I have already been down that road, PIP, MABS. As I already have a deal in place; split mortgage, they think well you have a deal so you are ok stay in your house and pay what you have to pay. I had asked for mortgage to rent when this whole process started but was told I dont qualify. Rent a room yes that's a possibility but to be honest I can't see me doing that for the foreseeable future, like I said I cant see my health situation changing anytime soon  I have been dealing with this for years and I want out of the house and the debt. Has anyone surrendered their keys back to the lender, how does that work? Thanks for your reply.


----------



## The Horseman (6 Feb 2020)

If you surrender the property where will you live. Assuming you are single getting housed by the council is very difficult. I would reconsider the rent a room scheme if I were you. At least you will have a roof over your head and are reducing your outstanding debt.


----------



## RedOnion (6 Feb 2020)

Flowerman said:


> I have already been down that road, PIP, MABS. As I already have a deal in place; split mortgage, they think well you have a deal


Hi,
Jim, who responded to your post, is a PIP. One of the best in the business. If he says you should talk to a PIP, I'd be listening to him.


----------



## Flowerman (7 Feb 2020)

Jim Stafford said:


> You really need to see a Personal Insolvency Practitioner who are experts in this area.

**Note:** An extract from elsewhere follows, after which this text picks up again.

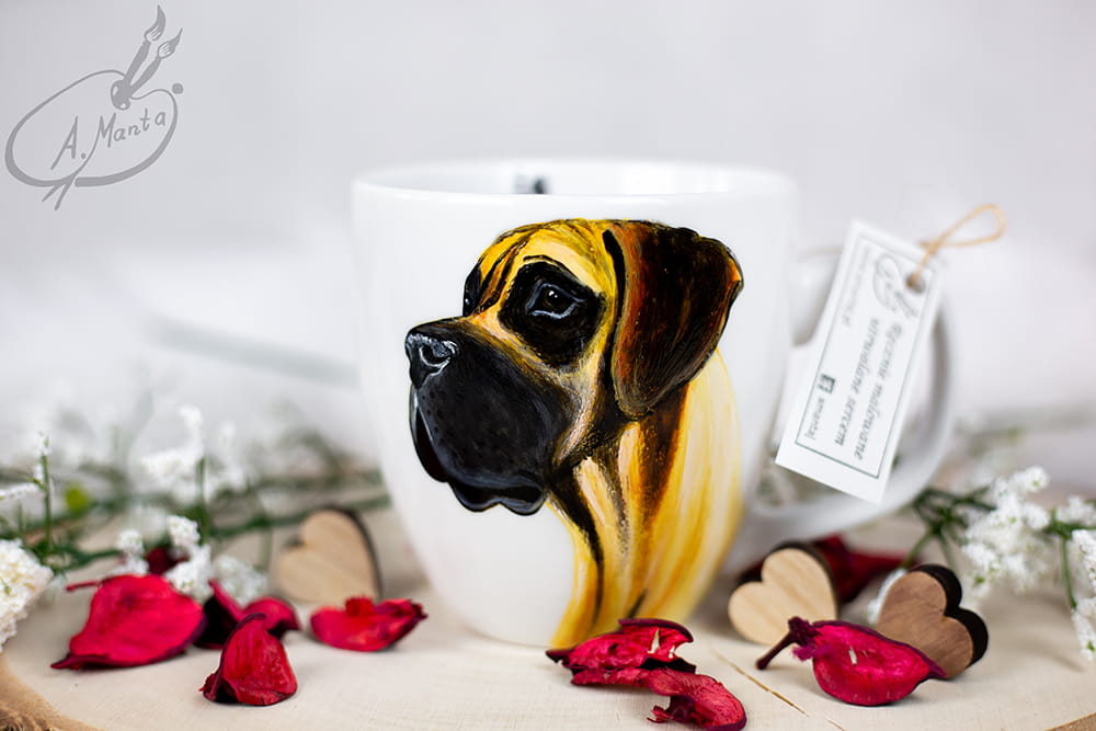Wyjątkowy, ręcznie malowany kubek Dog Niemiecki płowy.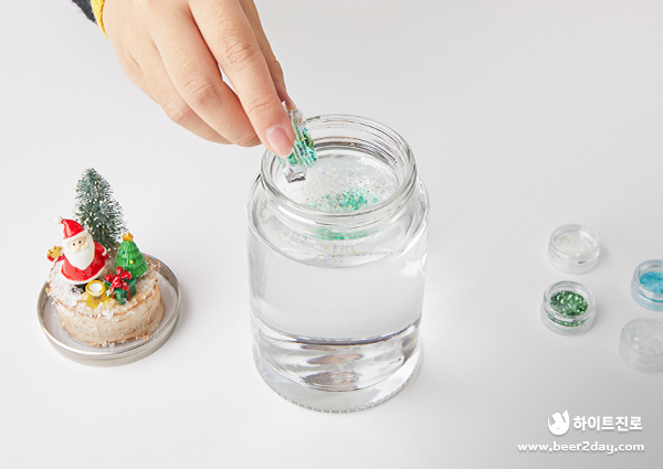 원하는 색상의 글리터 파우더를 넣어주세요. 비투지기는 청정라거 테라를 닮은 초록색 글리터와 겨울 분위기를 한껏 살려줄 흰색과 은색 글리터를 함께 섞어주었습니다.

There might be options open to you such as a Personal Insolvency Arrangement, "Rent a Room" scheme, "Mortgage to rent" scheme or "cash for keys" etc
> 
> Jim Stafford


Hi Jim what is cash for keys?


----------



## Flowerman (7 Feb 2020)

I appreciate all your replies please keep them coming. I am going out of my mind here tyring to decide what to do.  I am exploring all avenues. If I rent a room wont that affect my dole/ illness benefit? I have never been on social welfare, all my life I have worked, I have never defaulted on my repayments either, but when I do the sums after my mortgage payment, house insurance, property tax, maintaining the house and gardens, before I pay usual bills heat, electricity, bins, car and food it doesn't add up, I'm living on or below the poverty line. This is my life right now no dramatics just reality.


----------



## niceoneted (7 Feb 2020)

Do you have rooms to rent out yourself for the moment, to bring in some cash and give you time to make a less stressed and more informed decision.


----------



## fairy1 (7 Feb 2020)

If you are on illness benefit or invalidity pension it will not affect the payment if you rent a room.


----------



## Flowerman (7 Feb 2020)

fairy1 said:


> If you are on illness benefit or invalidity pension it will not affect the payment if you rent a room.


Many thanks thats good to know


----------